We wish Michal all the best for his future career and research projects.

On October 3rd, Frerich successfully defended his doctoral dissertation in Utrecht. His thesis provided valuable insights into how Gram-negative bacteria escape killing via the complement system.

Frerich’s research comprised of four studies:

1. The first study found that the LPS O1-antigen in Klebsiella pneumoniae correlates with resistance to complement-mediated killing by preventing proper polymerization and membrane insertion of C9, impairing MAC formation. Despite higher complement deposition, O1-antigen leads to increased soluble MAC (sMAC) release. These findings suggest that O1-antigen blocks effective MAC assembly and that directly labeled C9 is more useful for studying MAC formation than detection antibodies.
2. The second study explored how mutations in the phoQ gene, which occur during the evolution of colistin resistance in Klebsiella pneumoniae, affect bacterial survival against immune system clearance. The phoQ mutation reduces capsule production, making the bacteria more susceptible to complement-mediated killing through the classical pathway. These findings reveal a trade-off between antibiotic resistance and increased vulnerability to immune system attack.
3. The third study examined how an imbalance between C5b and C9 ratios affects Klebsiella pneumoniae's resistance to MAC-mediated killing.
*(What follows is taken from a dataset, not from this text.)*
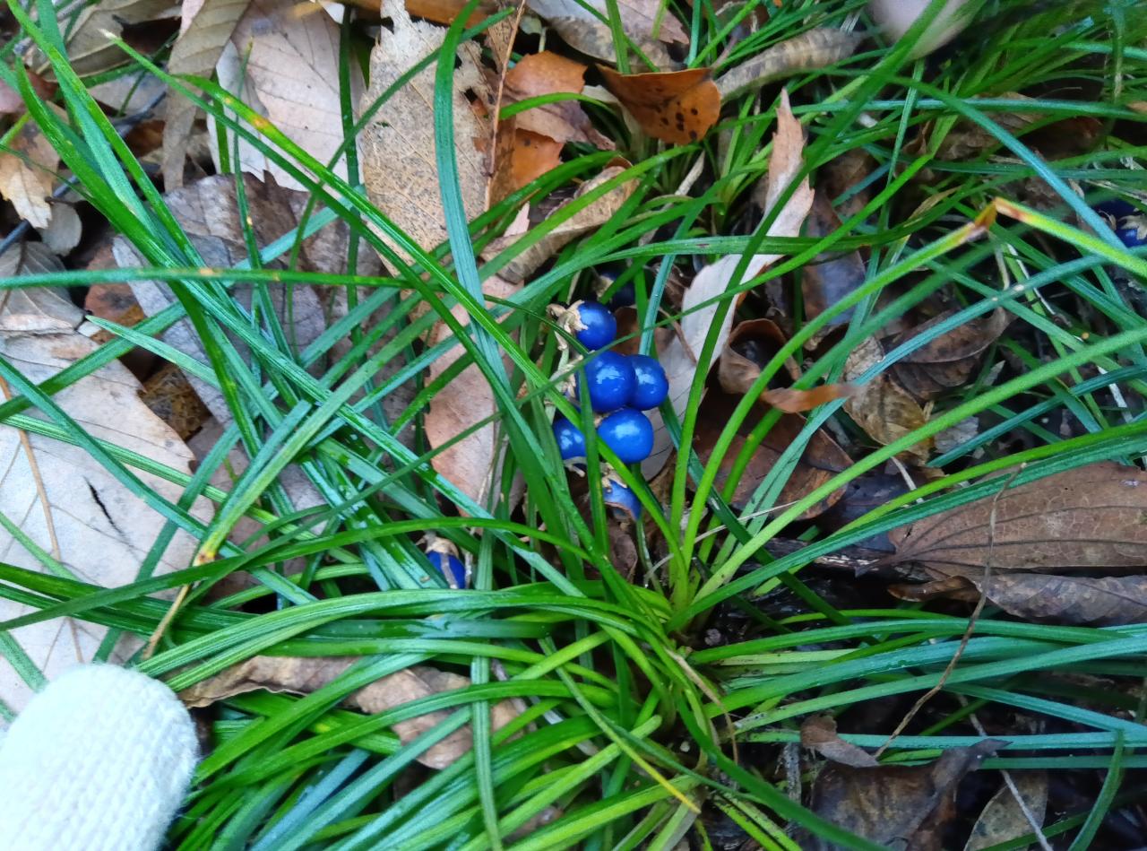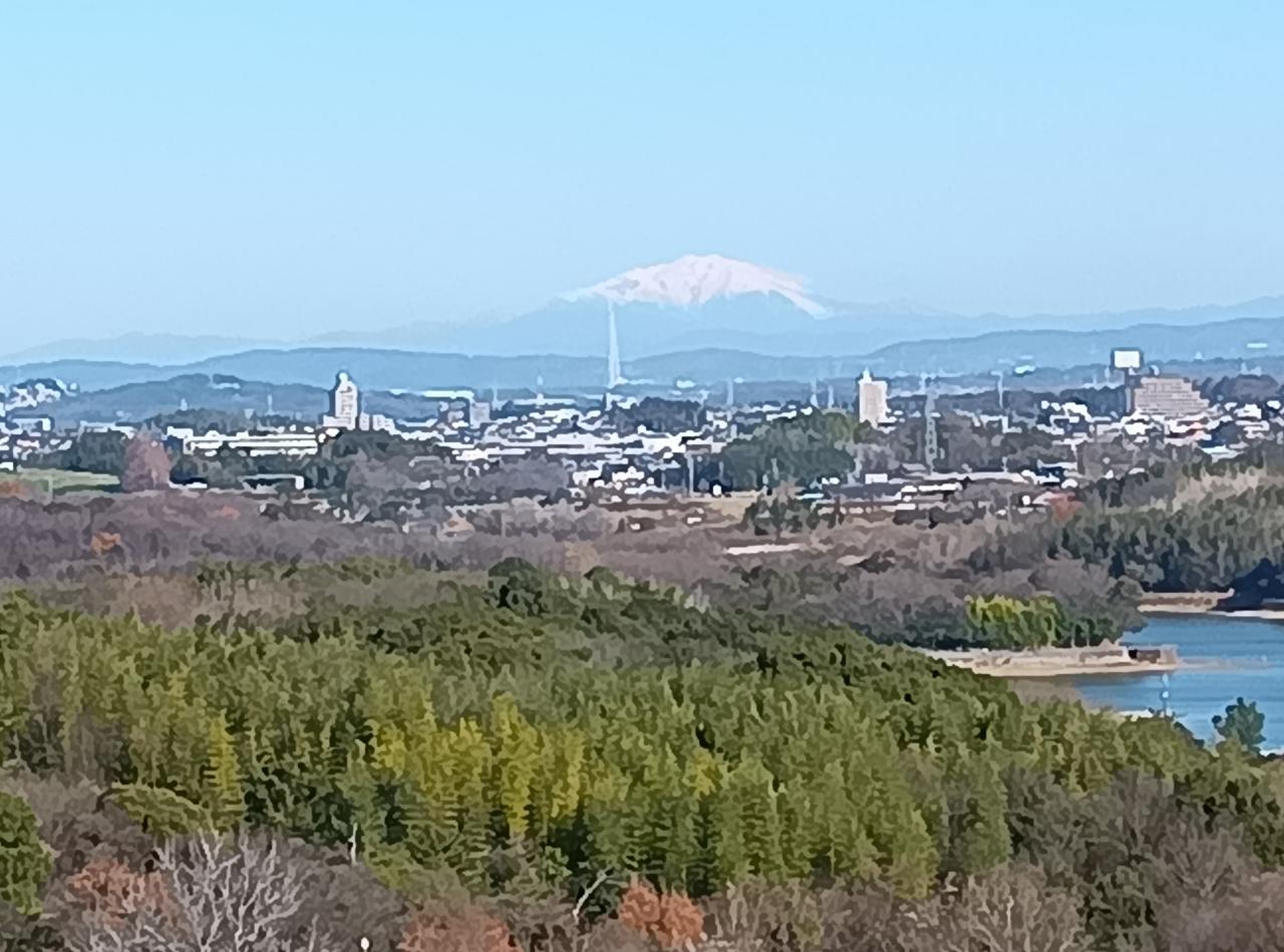 ジャノヒゲの青い実、アズキナシの赤い実、などなど草木の実を見つけて楽しい観察会(主催:二村山自然観察会)。久しぶりに雪をかぶった御岳の姿も。

Excessive C5 conversion was found to impair C9 polymerization and MAC formation, allowing the bacteria to survive. Adding exogenous C9 or inhibiting C5 conversion restored MAC activity, providing insight into a novel mechanism of resistance that could inform future antimicrobial strategies.
4. The fourth study investigated how Pseudomonas aeruginosa resists complement-mediated killing in human plasma. Frerich’s work identified a novel operon, srgABC, with the srgA gene product playing a key role in preventing MAC-mediated killing. Mutations in purine and biotin synthesis pathways also increased the bacteria's persistence, revealing multiple, complex mechanisms contributing to resistance.

The findings highlight the complexity of bacterial immune evasion and the potential for targeting these resistance pathways in the development of new antimicrobial strategies.